If I came off as heavy-handed, I apologize. The advice was not tailored to
the OP's situation, of which I of course know nothing. I'm sure it can be
appreciated in the same context.
 
..\\axxx said:
<snip>

really?

Well, it's been the darling of CS courses as the teaching language for quite
a while now. There are still plenty that still go for C/C++, of course, and
some will have switched to C#.

Of course, it depends on your definition of "raised"... Most developers will
have seen another language before they ever saw Java.
 
Andy said:
Hi All,

Does anybody know how to determine C# skill set of a new hire?
Our company is about to move to .Net and we have no experienced
developers to assess C# skills .
Are there any on-line questionnaires you can point us to?
Brainbench....


Thanks,
Andy
 
That was true for C# 1. It's certainly not true by the time you include
C# 2 and 3.

Well speak for yourself Jon. The rest of us took about a week. I
myself learned from a book "C# Programming: with the public beta" by
Harvey et al, which was C# beta (1999). And I see no need to buy
another book. However, I did have C++ experience beforehand.

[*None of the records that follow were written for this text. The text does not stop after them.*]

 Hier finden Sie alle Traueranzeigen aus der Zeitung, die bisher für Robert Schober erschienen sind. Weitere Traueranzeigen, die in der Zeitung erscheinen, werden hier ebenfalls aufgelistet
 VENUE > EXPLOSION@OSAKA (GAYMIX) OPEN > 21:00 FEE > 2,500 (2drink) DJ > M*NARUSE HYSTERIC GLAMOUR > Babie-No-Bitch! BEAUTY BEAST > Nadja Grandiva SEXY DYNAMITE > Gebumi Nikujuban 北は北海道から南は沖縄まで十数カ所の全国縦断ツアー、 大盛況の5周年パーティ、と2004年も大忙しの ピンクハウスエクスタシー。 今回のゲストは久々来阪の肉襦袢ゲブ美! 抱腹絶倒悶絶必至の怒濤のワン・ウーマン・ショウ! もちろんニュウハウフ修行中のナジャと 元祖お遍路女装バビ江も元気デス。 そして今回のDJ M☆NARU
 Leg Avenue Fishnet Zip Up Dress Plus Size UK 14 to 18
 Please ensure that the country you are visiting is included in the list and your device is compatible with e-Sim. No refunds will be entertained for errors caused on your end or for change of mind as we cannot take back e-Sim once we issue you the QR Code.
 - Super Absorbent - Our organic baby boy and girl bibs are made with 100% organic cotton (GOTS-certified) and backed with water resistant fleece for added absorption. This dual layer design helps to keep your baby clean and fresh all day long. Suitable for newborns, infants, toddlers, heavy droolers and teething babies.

As to the OP, I would consider asking applicants to show sample code,
check their references, and as a last resort ask them to do a short
sample program, for example a GUI that solves the 8-queens problem or
Towers of Hanoi.

RL
[C# N00b MVP]
 
raylopez99 said:
Well speak for yourself Jon. The rest of us took about a week. I
myself learned from a book "C# Programming: with the public beta" by
Harvey et al, which was C# beta (1999). And I see no need to buy
another book. However, I did have C++ experience beforehand.

If you were learning in 1999, you most certainly weren't learning C# 3
then, were you? (Mind you, Amazon claims it was December 2000 rather
than 1999.) Just how did you master lambda expressions and anonymous
types back then?

As I said, C# 1 could be learned reasonably thoroughly in a week with
suitable experience in other languages (preferably Java, as it's so
similar).

I'd be *very* surprised to see anyone go from no C# experience to
"mastering" C# 3 in one week - and if you learned C# 1 first way back
then, you can't claim yourself as an example.

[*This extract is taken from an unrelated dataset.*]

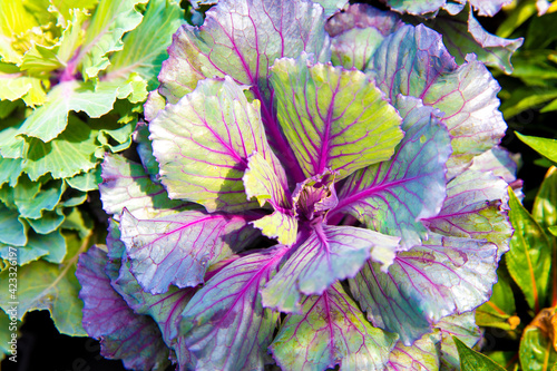 gros plan sur un plan de chou en été avec veines mauves et feuilles colorées
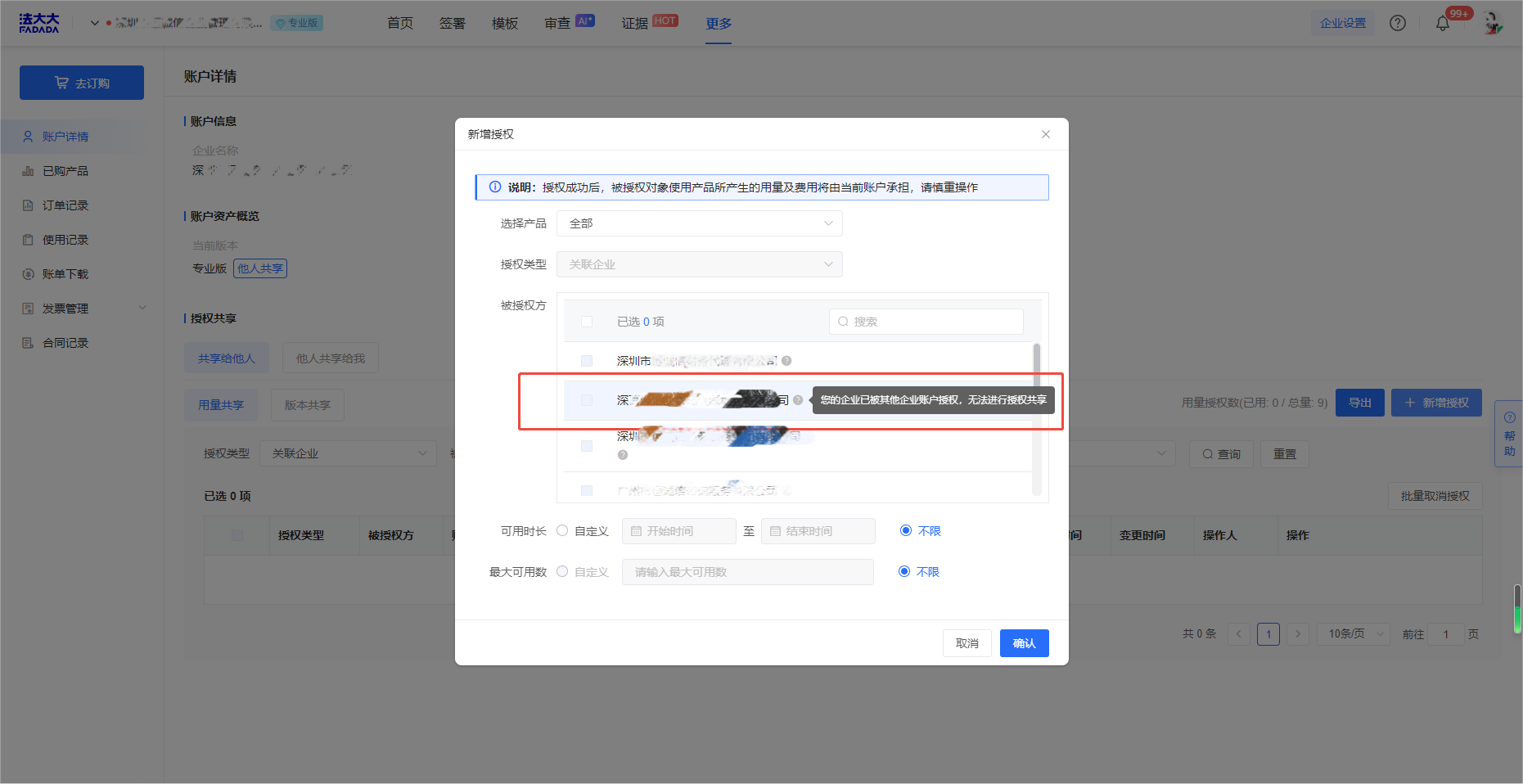 授权提示:您的企业已被其他企业账号授权,无法进行授权共享?

Even when it comes to C# 2, I thought I knew it pretty well until I
started writing about it - at which point I found out *loads* of new
stuff.
 
Well speak for yourself Jon.  The rest of us took about a week.

<snip>

Okay, having now looked back on your other threads, it seems that was
meant to be sarcam, although I've no idea why you should choose to
reply to my post in the first place.
[C# N00b MVP]

No, you're not. Please don't claim to be an MVP unless you've actually
been awarded it from Microsoft.

Jon
 
If you were learning in 1999, you most certainly weren't learning C# 3
then, were you? (Mind you, Amazon claims it was December 2000 rather
than 1999.) Just how did you master lambda expressions and anonymous
types back then?

What's a lamda expression? Not important; if it's the shorthand for
if/then/else that fits on line line that's trivial. Anonymous types?
That's polymorphism by another name.

Ray Lopez
[C# N00b MVP]
 
<snip>

Okay, having now looked back on your other threads, it seems that was
meant to be sarcam, although I've no idea why you should choose to
reply to my post in the first place.

I'm adding value Jon.
[C# N00b MVP]

No, you're not. Please don't claim to be an MVP unless you've actually
been awarded it from Microsoft.

Jon

Lern to reed Jon. I'm a N00b MVP, not a regular MVP. And besides,
anybody can put "MVP" in their sig file--who'se to stop them?

RL
[C# N00b MVP]
 
What's a lamda expression?  Not important; if it's the shorthand for
if/then/else that fits on line line that's trivial. Anonymous types?
That's polymorphism by another name.

Thank you for proving my point.

Jon
 
I'm adding value Jon.

In what way?
No, you're not. Please don't claim to be an MVP unless you've actually
been awarded it from Microsoft.

Lern to reed Jon.  I'm a N00b MVP, not a regular MVP.

It's not at all clear whether you consider yourself an MVP (of C#
newbies), or a newbie (C# MVP).

In either case it's inaccurate.
And besides, anybody can put "MVP" in their sig file--who'se to stop them?

Common sense and community feeling, hopefully.
Anyone can ask people to address them as "doctor" but that doesn't
actually mean they have a doctorate. It just makes them look silly.
Please stop it.

Jon
 
Andy said:
Does anybody know how to determine C# skill set of a new hire?
Our company is about to move to .Net and we have no experienced
developers to assess C# skills .
Are there any on-line questionnaires you can point us to?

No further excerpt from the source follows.